St. Nicolaas kwam bijna te laat

Titel ontleend aan binnenzijde omslag
Onbekende schrijver en illustrator
Uitgegeven tussen 1960 en 1969
Uitgever Jeugdland - Heemstede
Op achterkant No. 5010

Korte inhoud:
Toen de stoomboot met St. Nicolaas en Zwarte Piet op weg was naar Nederland, om daar Sint's verjaardag te gaan vieren, kwamen ze terecht in een hevige storm. Het waren zulke hoge golven, dat de boot niet kon aanleggen in de haven. Om de kinderen in Nederland niet teleur te stellen, nam de kapitein van de stoomboot contact op met de zeesleper "Holland" en vroeg hun om St. Nicolaas over te nemen en veilig aan land te brengen.
Na veel moeite lukte dit ook en zowel St. Nicolaas als Zwarte Piet en ook de schimmel werden door middel van een net, dat gespannen werd tussen de twee boten, van boord gehaald en veilig aan de wal gebracht, alwaar ze werden ingehaald door juichende kinderen!
De scheepsjongen van de "Holland" had Sinterklaas verteld, dat zijn vader op zee was omgekomen en dat zijn moeder met zijn jongste broertje nu alleen in een klein huisje vlakbij de haven woonde. Het broertje was ziek en daarom vroeg de scheepsjongen aan Sinterklaas om hem te bezoeken. Natuurlijk beloofde Sint dit en bracht de zieke jongen een zak vol speelgoed en lekkers. Daarna ging hij ook nog naar de zeesleper, om de scheepsjongen, die daar de wacht hield, te bezoeken. Samen dronken ze heerlijk warme chocolademelk en daarna nam Sint afscheid, na nog beloofd te hebben het volgend jaar terug te komen.

Fragment uit het boek:
Niet alleen de Sint en Zwarte Piet, ook de schimmel van de Sint moest van het grote schip op de kleine zeesleper overgebracht worden, en dat terwijl de beide schepen slingerden en stampten in een kolkende zee.
Je snapt wel dat de schepen niet vlak naast elkaar konden gaan liggen. De golven zouden ze dan tegen elkaar smakken, waardoor ze beslist lek zouden stoten. Nee, dat moest anders gebeuren.
Maar de kapitein van de zeesleper, voor geen klein geruchtje vervaard, of zoals dat ook wel heet, een man die al voor héél wat hete vuren had gestaan, had zijn plannen al klaar. Hij liet naar het grote schip seinen, dat hij een vangnet uit zou zetten. Hij zou dan zo dicht mogelijk langs het grote schip varen en dan moesten de Sint en Pieter, op een teken van hem, in het net springen.
Nu was dat voor de rappe Zwarte Piet geen kunst, maar voor de Sint viel dat natuurlijk niet mee. Maar er zat niets anders op.

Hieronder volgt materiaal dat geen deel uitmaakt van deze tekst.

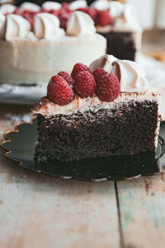 Full recipe here: https://joythebaker.com/2024/12/wedding-cake-inspo-chocolate-stout-cake-with-raspberries-and-cream/
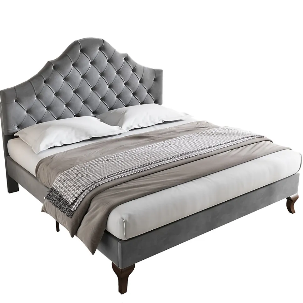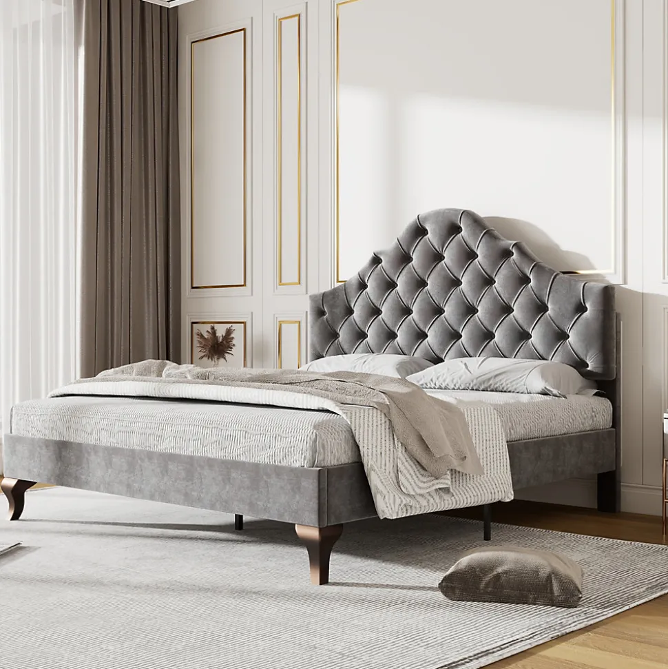 - Design mêlant lignes classiques et actuelles, revêtement velours gris et tête capitonnée à boutons, offrant un appui confortable pour la lecture et une allure discrète qui s’intègre à tous les styles de chambre.
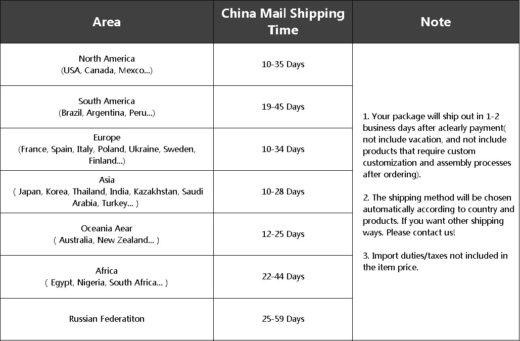 3. Your order will ship out in 24-72 hours when confirm payment( not include vacation, and not include products that require custom and assembly after ordering).
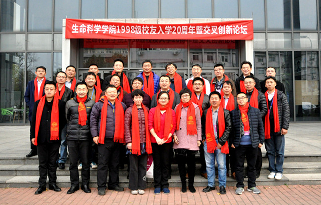 论坛于16:30结束,大家戴上锈有“98级生科院20周年纪念”的大红围巾,在生物站正门前合影留念,话别。
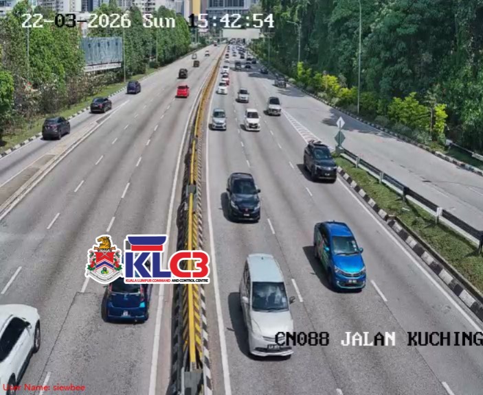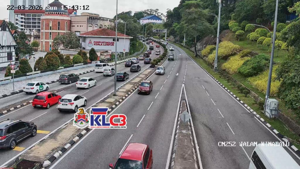 Aliran trafik baik dan terkawal, cuaca cerah di keseluruhan Pusat Bandar.
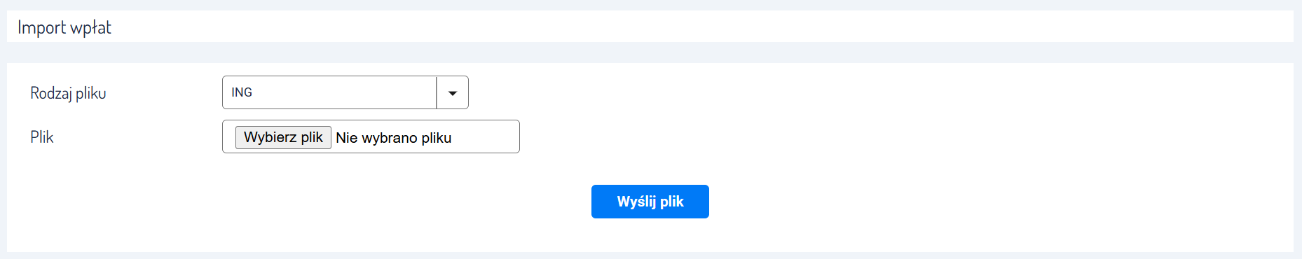 Importu wpłat dokonasz, wybierając
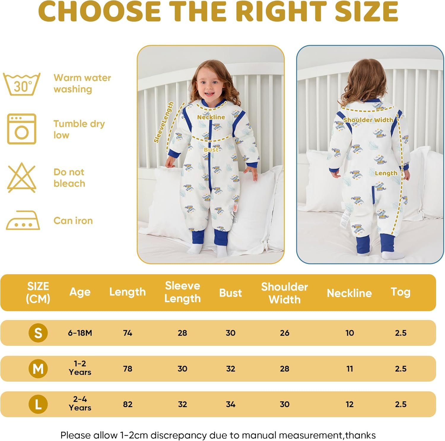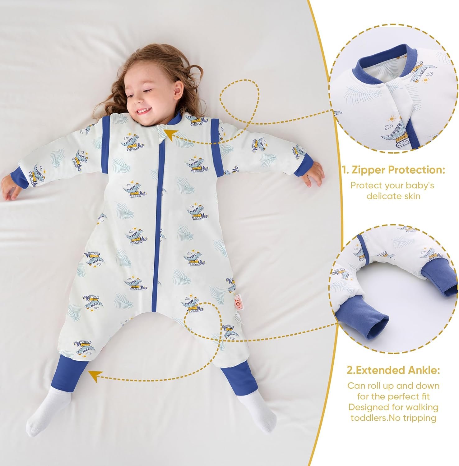 LAT Baby Sleep Bag with Feet Winter,3-way zipper Wearable Blanket,Warm Sack for Toddler Thicken 2.5 TOG-Removable Sleeves
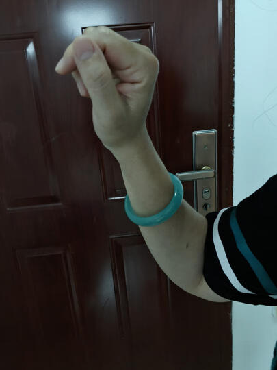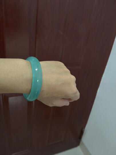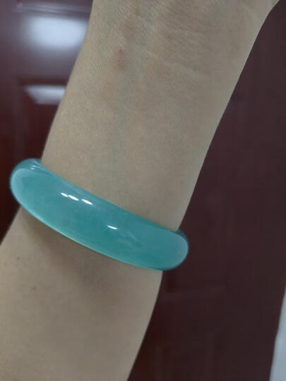 老坑翡翠手镯缅甸玉手镯女款平安镯冰种浅绿油青飘花玉镯子正圈 圈口55-56mm

Toen dan ook de zeesleper op een gegeven moment langs kwam varen, sprongen op een teken van de sleepbootkapitein, de Sint en Pieter beiden in het net, waar ze door een heleboel helpende handen uitgehaald werden.

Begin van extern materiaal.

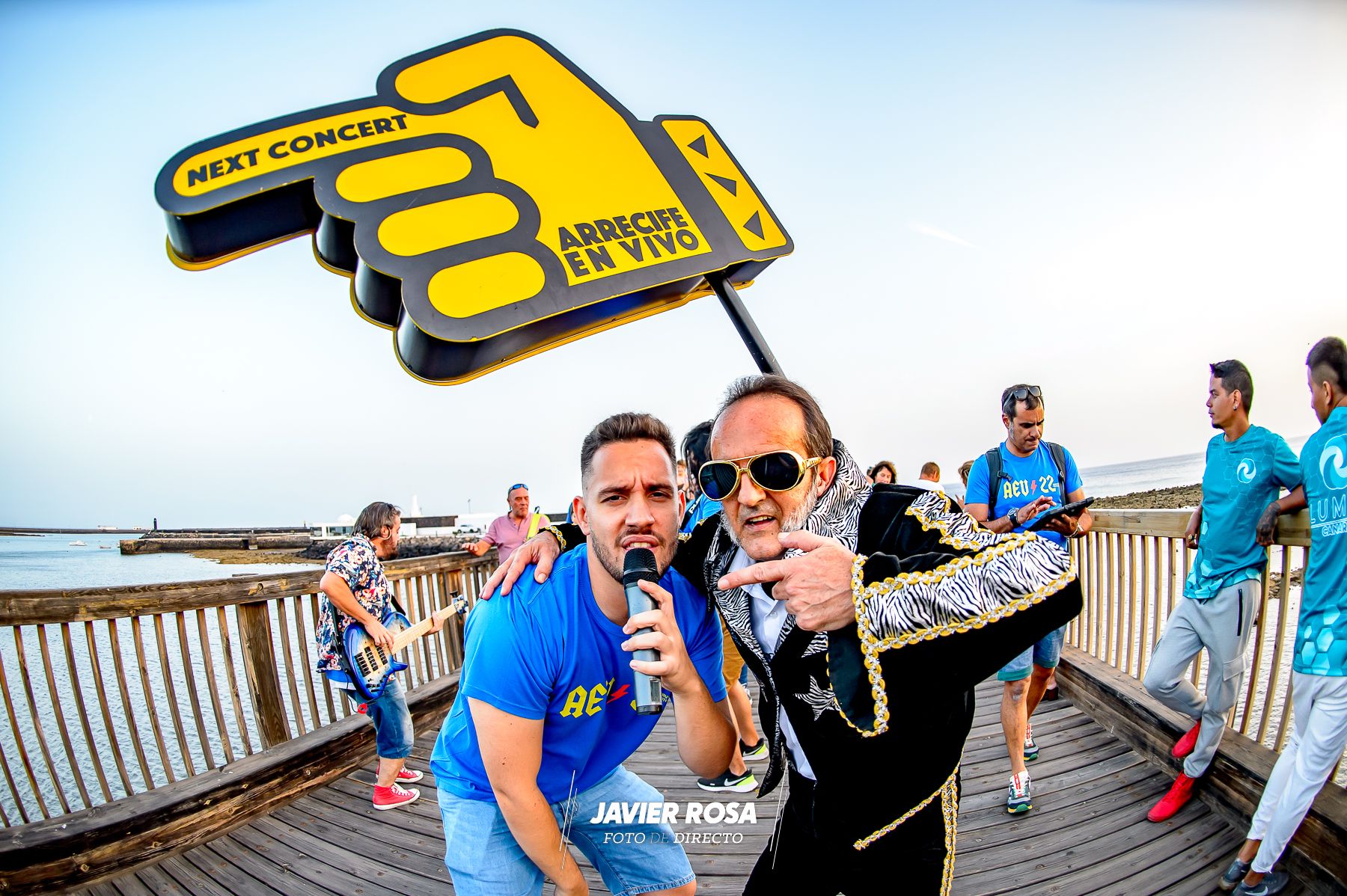 La banda The Walking Matt condujo a un multitudinario pasacalles de espectadores, que caminaron al ritmo de versiones de hits españoles e internacionales. El público, detrás del Rey de Arrecife en Vivo, atravesó el puente del islote y siguió desfilando por el Parque Islas Canarias.
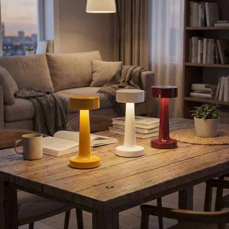 Evinizin her köşesinde, kafe ve restoranlarda hem dekorasyon hem aydınlatma amaçlı kullanılabilen, modern tasarım led ışıklı masa lambası.
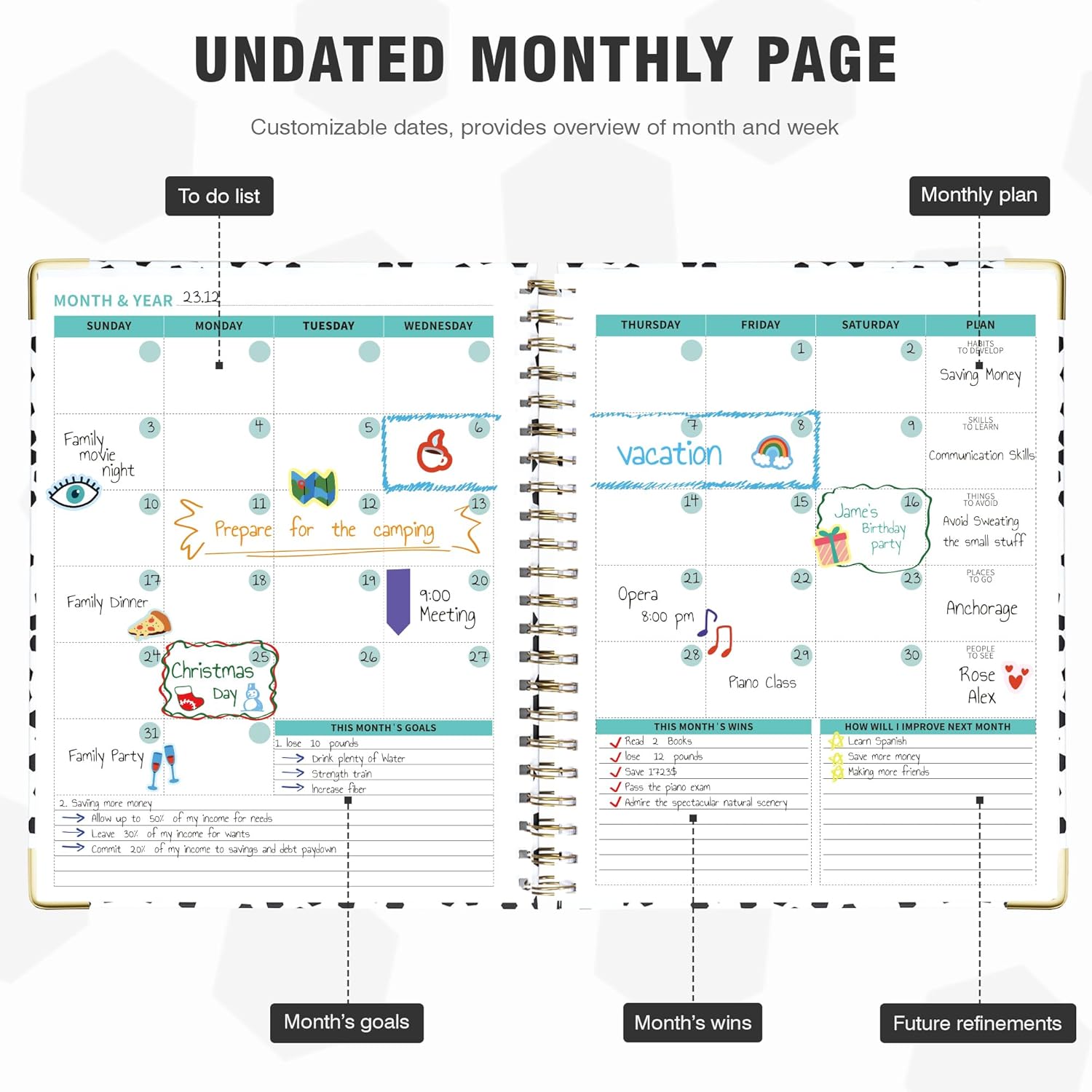 - Undated Clear Layout: With 12 blank months and 53 weeks, a 7 AM to 8 PM daily schedule section, and additional sections for contacts, passwords, awareness and self-discovery, daily rituals, goals, and notes, this life planner offers the freedom to plan your schedules at any time.
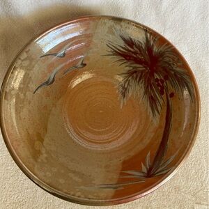 Studio Pottery Large Hand Thrown Bowl Tropical Palm Trees Bird Mixing Decor
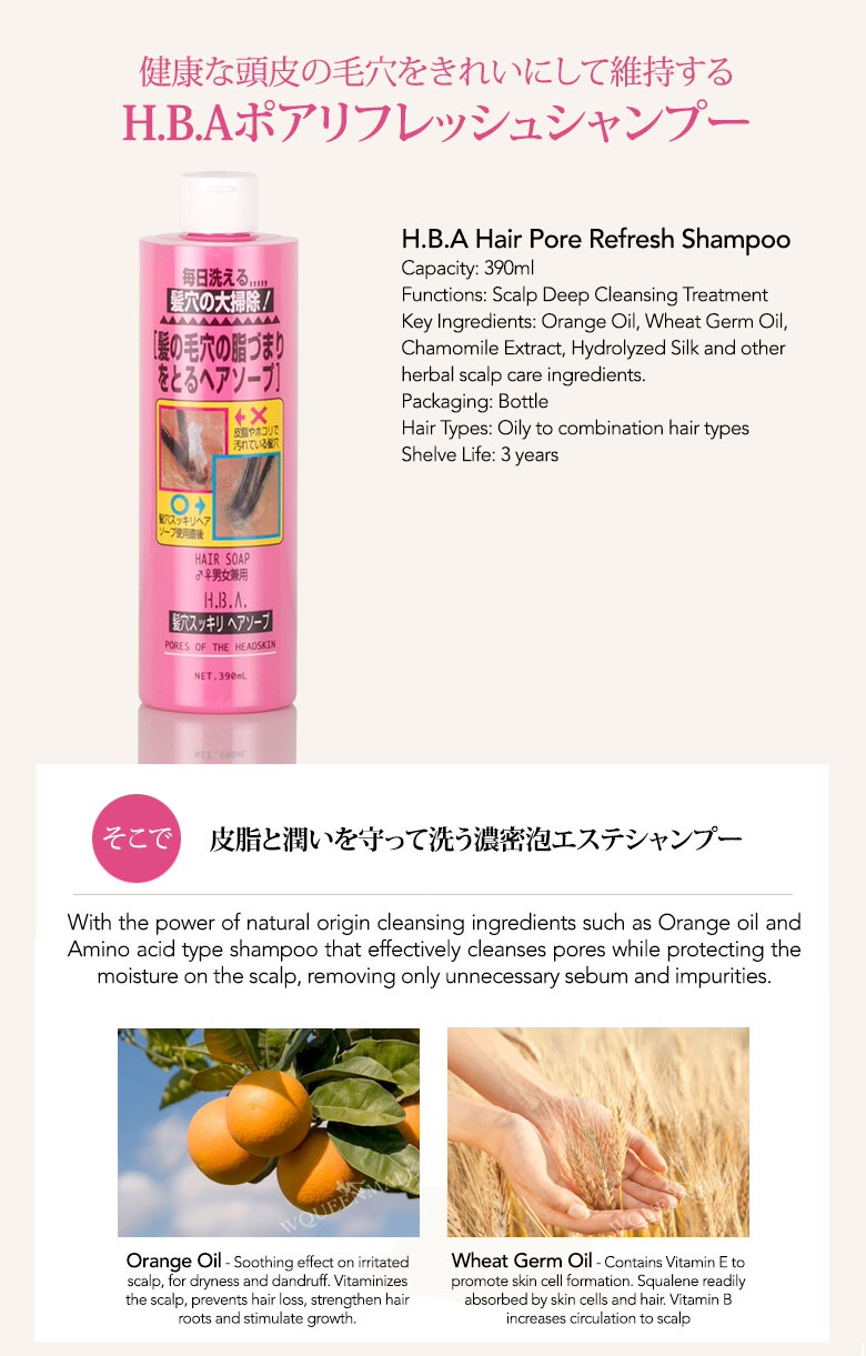 H.B.A Hair Pore Refresh Shampoo 390ML

Toen moest de schimmel nog overgenomen worden. Er werd een zwaar stuk zeildoek om de buik van het trouwe dier gebonden. Hieraan werden touwen bevestigd, en zo werd de schimmel aan een laadboom omhoog gehesen. De laadboom werd buitenboord gedraaid en toen de zeesleper weer langs kwam varen liet men het paard snel zakken. Zo belandde het, op zijn beurt, behouden in het net.
Zo waren ze dus alle drie gezond en wel aan boord van de sleepboot terecht gekomen, die direct daarop de terugtocht aanvaardde. Dat ging héél wat sneller dan de tocht heen. Men had nu de storm in de rug, zodat het schip als een steigerend renpaard over de woelige zee vooruitstoof.
Bij aankomst werden ze vrolijk binnengehaald door de wachtende kinderen en konden ze beginnen met hun tocht over de daken.